With the United States currently entangled in a series of foreign conflicts against insurgent groups in countries such as Syria, Iraq, and Yemen, the President and Congress have long been pursuing a victory against terrorists and other insurgent groups within these states. Unconditional victory, however, may be an almost impossible goal given the current standing of our military. Since 1945, the United States of America and her allies have been engaged in five major military conflicts: the Korean War, Vietnam War, Gulf War, Iraq War, and the War in Afghanistan; the only definitive victory achieved out of these five conflicts was the Gulf War in 1991 during the presidency of H.W. Bush.
Legendary Prussian general and military theorist Carl von Clausewitz argued during the early 19th century that war was simply the continuation of politics by other means. Essentially speaking, this means that war is not simply slaughter and the grabbing of land but the achievement of political goals through alternative methods. Wars preceding 1945 ranging from the gargantuan Second World War to the comparatively minuscule Quasi-War have all pitted nation against nation, making them a matter of simple international politics. Examining the military engagements by the United States between 1776 and 1945, one can notice that the United States is very good at these sort of engagements. The problem today is that nearly 90% of ongoing wars are civil wars, conflicts that oftentimes involve various insurgent groups with the government facing issues of legitimacy. It doesn't come as a surprise then that the three longest military engagements in United States history, Vietnam, Iraq, and Afghanistan, have all been complex civil wars involving a plethora of fighting parties.
The very "Achilles heel" of the United States today that holds us back from definitively securing victories in war is a lack of cultural understanding. Coming out of the Second World War and reinforced by the fall of the almighty Soviet Union, the United States, a once distant isolationist state, became a superpower possessing not only the best-trained but the most powerful military in human history. With Washington growing interested in the idea of intervention, it began to initiate military actions in far-away states such as Vietnam and Korea. The problem is, the American state's primary strategy for military success has long been the use of superior technology and big-unit tactics.

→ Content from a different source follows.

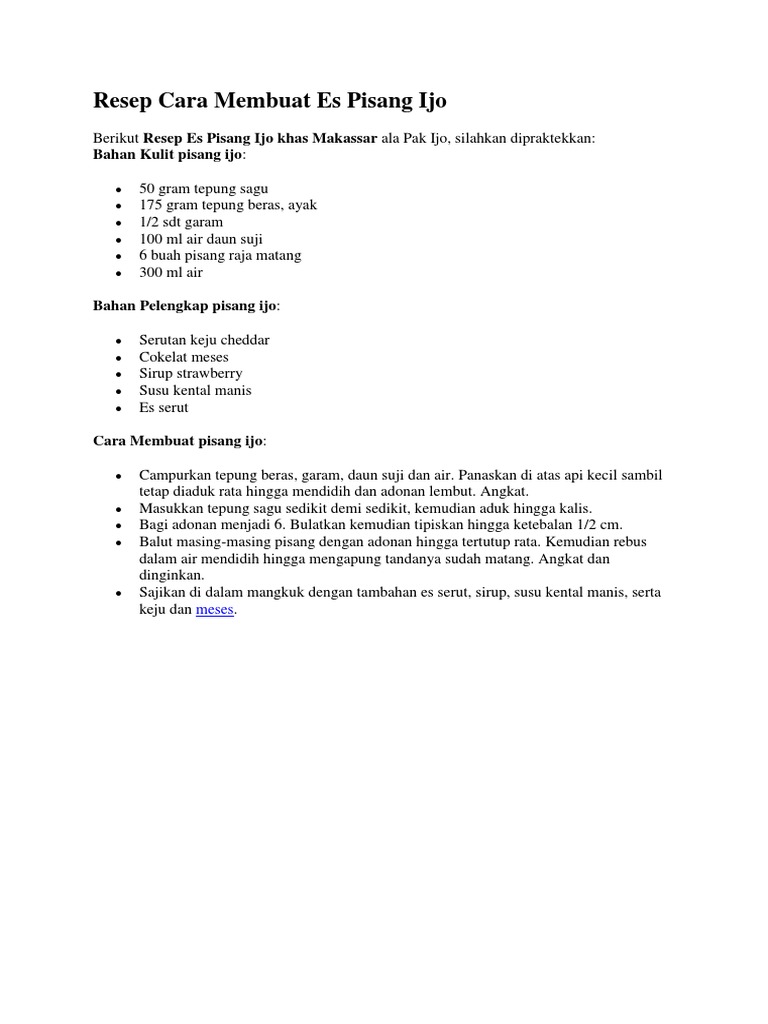 Resep Es Pisang Ijo Khas Makassar Dijamin Enak - BebasBayar

While this strategy was highly successful when waging traditional-style warfare, the trouble comes with the prominence of a different kind of a war.
One of the key struggles, when engaged in a conflict with insurgents, is that the military cannot clearly identify hostiles. Unlike traditional-style interstate warfare in which military intelligence is well aware of what the enemy looks like and where the enemy is located, in a counterinsurgent-war situation, the enemy is hiding amongst the civilian population. With hostiles oftentimes indistinguishable from civilians, the government's go-to cards of superior technology and big-unit tactics are left unplayable.
In order for the United States to see eventual success in the war against insurgents, it must cease the fatal flaw of wishful assumptions and cultural ignorance. While the White House, Capitol Hill, and Pentagon may convince themselves that it is not necessary to rebuild and stabilize a nation during/after a war, this a pitifully mistaken ideology. As the Marshall Plan and Truman Doctrine did for Europe following the Second World War, much more must be done in these suffering nations than a hailstorm of fire and multitudes of American troops. Beyond realizing what must begin, there must also be amended to how the United States approaches cultures during a war. At the height of the Iraq War in 2006, only six of the one-thousand US Embassy staffers in Baghdad were versed in Arabic. Such ignorance must cease in order for effective warfare to be waged. Future Presidents, as well as any other future leaders in government and military, must realize and accept that until the United States learns to become culturally understanding and realizes the needs of foreign nations during a war, the nation will forever be stuck in the hellish cycle of decades-long wars with no clear end.